When I first met Ajay in 2008 I was struggling, caught up in my thoughts and attached to my stories. I was suffering from depression and having a hard time breaking free. The Z Meditation inquiry method helped me to understand my conditionings and attachments and to think clearly. It made me aware that I was not primarily my mind, my emotions nor my physical body, but so much more. Ajay’s teachings were powerful because I was able implement the method when I was caught up in my conditionings. With practice, I started to see reoccurring patterns and was able to detach from my desires with less effort. The results are that I am much happier and don’t take myself so seriously. I simply do my best at whatever I am doing in the moment, and strive to remain aware of who/what I really am. My life is now full of beautiful experiences, opportunities, acceptance and love. I finally feel peaceful and whole.
I have Ajay and Z Meditation to thank for that.

Jessika Ava

Z Meditation Experience

I’m a 32 year old American female and I can say unequivocally, Z Meditation retreat has been one
of the most significant turning points of my life. It has been four years ago to date that I walked up
the steps to Ajay and Suruchi’s Z Meditation center to meet them for the first time. This was my
first meditation retreat and I kept no expectations, only an open mind and heart. I had attempted to
practice meditation now and again throughout my life before the retreat, but was never able to find
a technique that worked well with me and my lifestyle and so never kept up with it. Upon arrival to
the retreat there was an immediate overwhelming sense of peace and comfort that made me feel very
secure about what would take place in the coming two weeks.

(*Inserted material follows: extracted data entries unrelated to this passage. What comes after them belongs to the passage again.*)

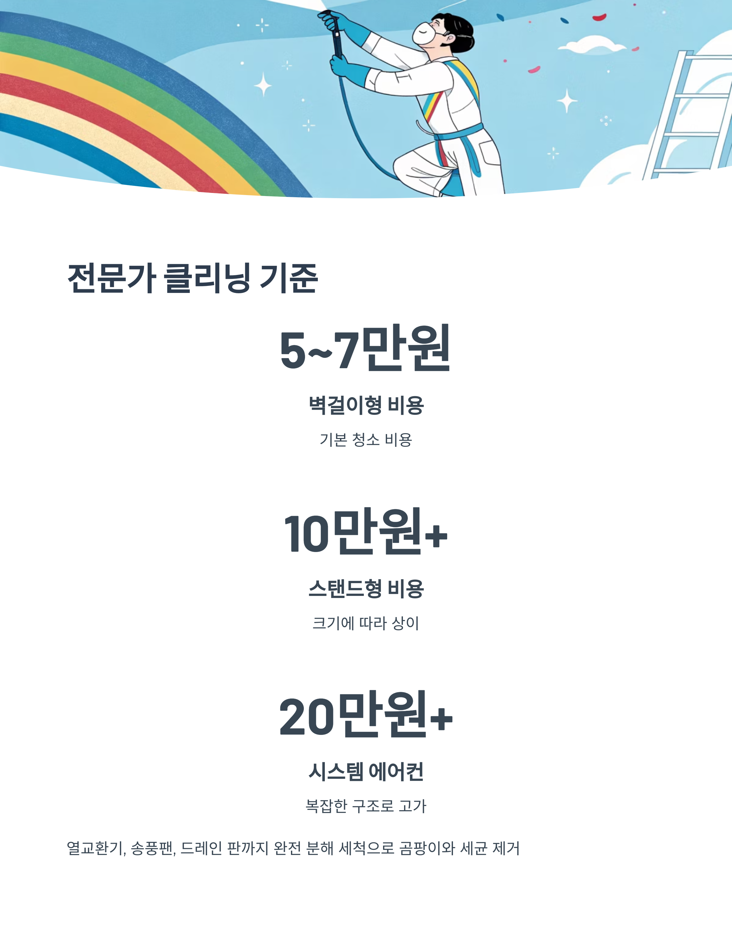 클리닝 비용은 종류와 크기에 따라 다르지만, 벽걸이형 기준으로 5~7만 원 선이에요. 스탠드형은 10만 원 이상, 시스템 에어컨은 20만 원대 이상도 나올 수 있어요. 조금 부담스럽긴 하지만 1년에 한 번 정도는 투자할 가치가 충분해요.
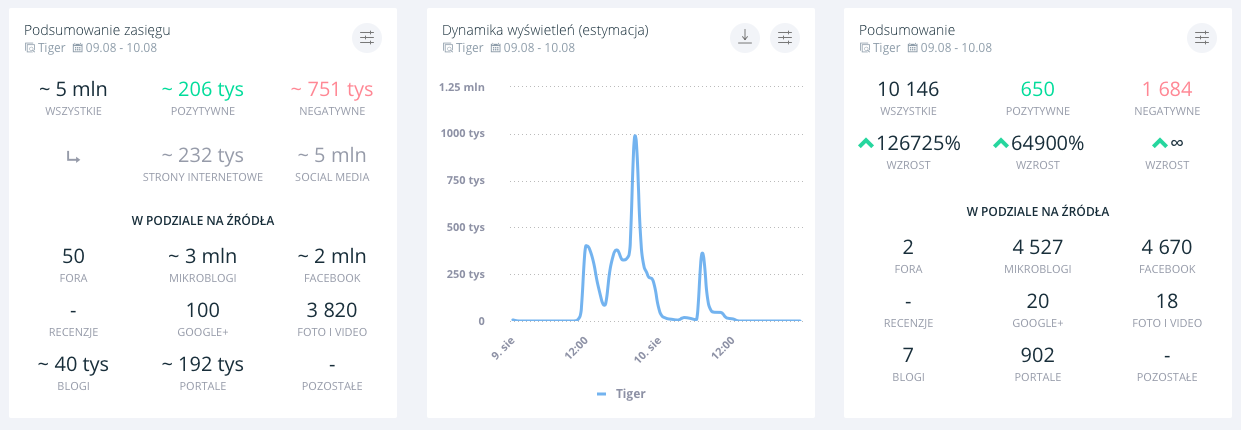 Liczby z systemu SentiOne są dla Tigera bezlitosne –  w ciągu 24 godzin cała sytuacja dotarła do pięciu milionów internautów. Na temat marki wzmiankowano ponad 10 tysięcy razy, w zdecydowanej większości – negatywnie.
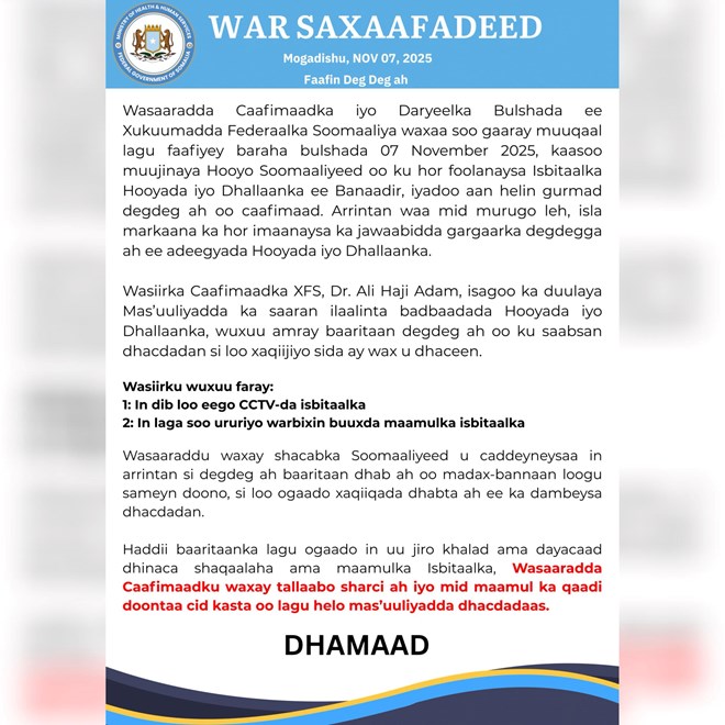 War-saxaafadeed kasoo baxay Wasaaradda Caafimaadka maanta oo ay taariikhdu tahay 07 November 2025, ayaa lagu sheegay in Wasiirka Caafimaadka XFS, Dr. Ali Haji Adam, uu amar ku bixiyay in si degdeg ah dib loogu eego CCTV-da isbitaalka, isla markaana laga soo ururiyo warbixin buuxda oo ka timaadda maamulka isbitaalka si loo xaqiijiyo sida ay wax u dhaceen.

Before the retreat I suppose I had all the common issues that plague one’s life, issues with family and
partners, the direction of my life. But it wasn’t until midway through the retreat that I could put a more
clear focus on why those issues were occurring…I had been consistently living in the future, I didn’t even
fully realize that the present moment even existed. In my psyche, the future would complete me, and
the future was all there was. My entire life’s journey up to that point had been a means to an end, seen
nothing more than a stepping stone to what was beyond the horizon, I was playing a perpetual game of
chase to an ideal outcome that I could never quite grasp…and this led to anxieties, worries, a constant
struggle against “what is” in the idealism that “what could be” would be better – and somehow,
complete.

It took hours and hours of internalization, and even tears. But about midway through the retreat, I
woke up in the middle of the night to realize that some proverbial veil had been lifted. I was seeing the
exact same world, through the exact same eyes, but I was seeing it with pure clarity. All of my former
unnecessary requirements and misperceptions of personality melted away, my true self emerged- I was
free. And, I was in Complete Joy. I realized there are no problems, there are no worries, I am not my
future, I am not my past, nor am I my personality traits. I realized that the only thing that truly matters
is this single moment. And that this single moment, without all the preconceived notions – is perfect.
And along with these realizations came a plethora of other insights. But explaining them wouldn’t
even begin to adequately describe them, nor do the above two paragraphs begin to accurately describe
the transformation, and I wouldn’t expect any reader to fully empathize what I am saying. It’s not
something that can be understood intellectually, it’s only something that can be realized. And Z
Meditation offers you the space for that realization to occur.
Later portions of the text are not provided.